DESCRIPTION OF THE TASK -
Reproduce the entries below exactly, but only from the line containing "Consta de 3" to the line containing "makaroniki Wektor płaska", inclusive.

EXERCISE MATERIALS -
+++++
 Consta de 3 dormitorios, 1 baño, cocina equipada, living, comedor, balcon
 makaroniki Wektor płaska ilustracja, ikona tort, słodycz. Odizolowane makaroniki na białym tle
+++++
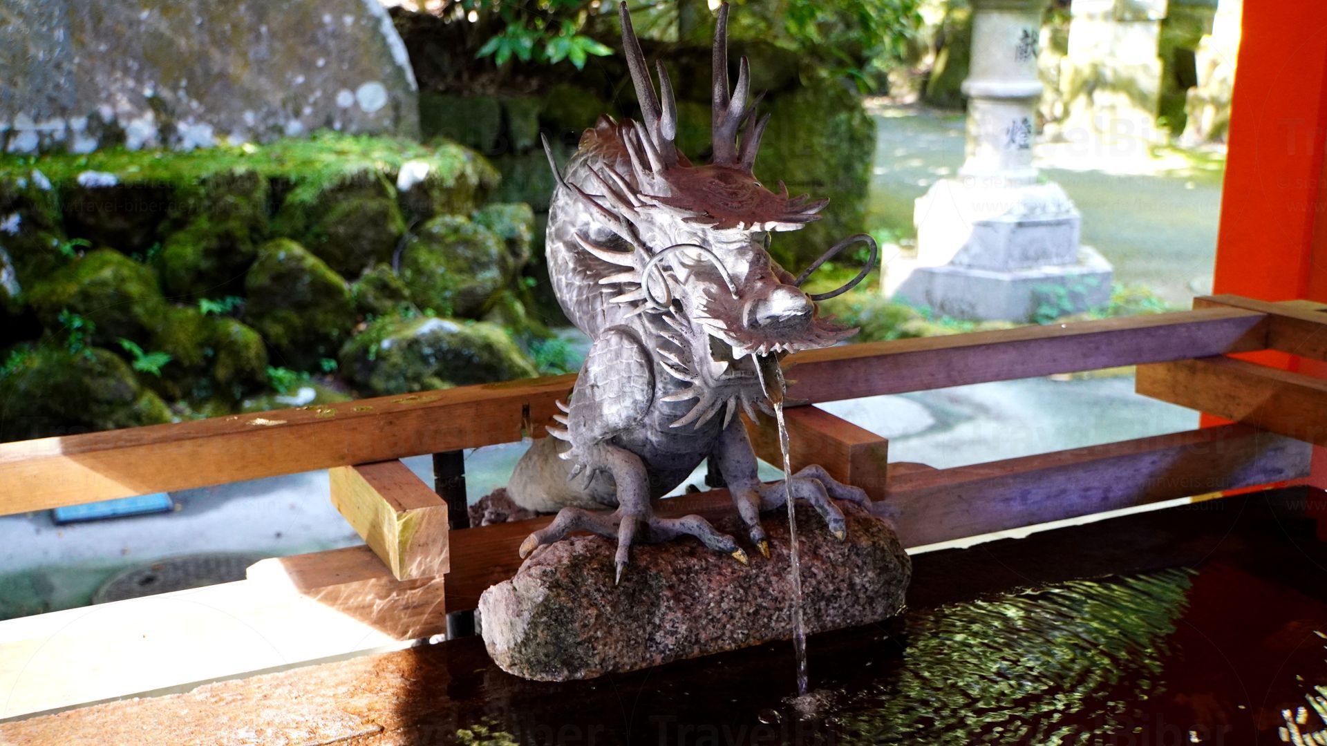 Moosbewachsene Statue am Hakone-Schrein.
+++++
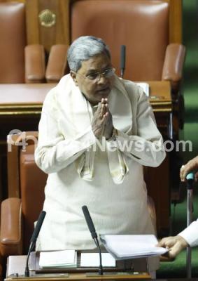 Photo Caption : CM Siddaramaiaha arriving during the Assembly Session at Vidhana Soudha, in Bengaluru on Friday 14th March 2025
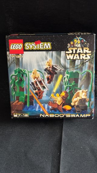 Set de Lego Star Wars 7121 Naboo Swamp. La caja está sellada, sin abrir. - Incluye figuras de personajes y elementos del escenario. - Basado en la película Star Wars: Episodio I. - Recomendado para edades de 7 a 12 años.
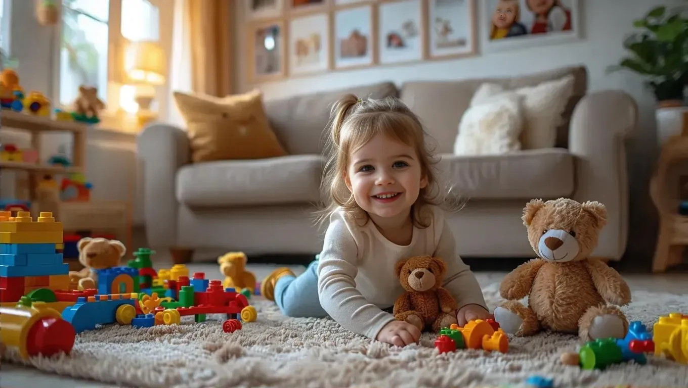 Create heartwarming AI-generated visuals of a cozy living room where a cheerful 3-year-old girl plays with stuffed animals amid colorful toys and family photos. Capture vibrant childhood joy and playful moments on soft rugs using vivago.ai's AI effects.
+++++
SOLUTION -
 Consta de 3 dormitorios, 1 baño, cocina equipada, living, comedor, balcon
 makaroniki Wektor płaska ilustracja, ikona tort, słodycz. Odizolowane makaroniki na białym tle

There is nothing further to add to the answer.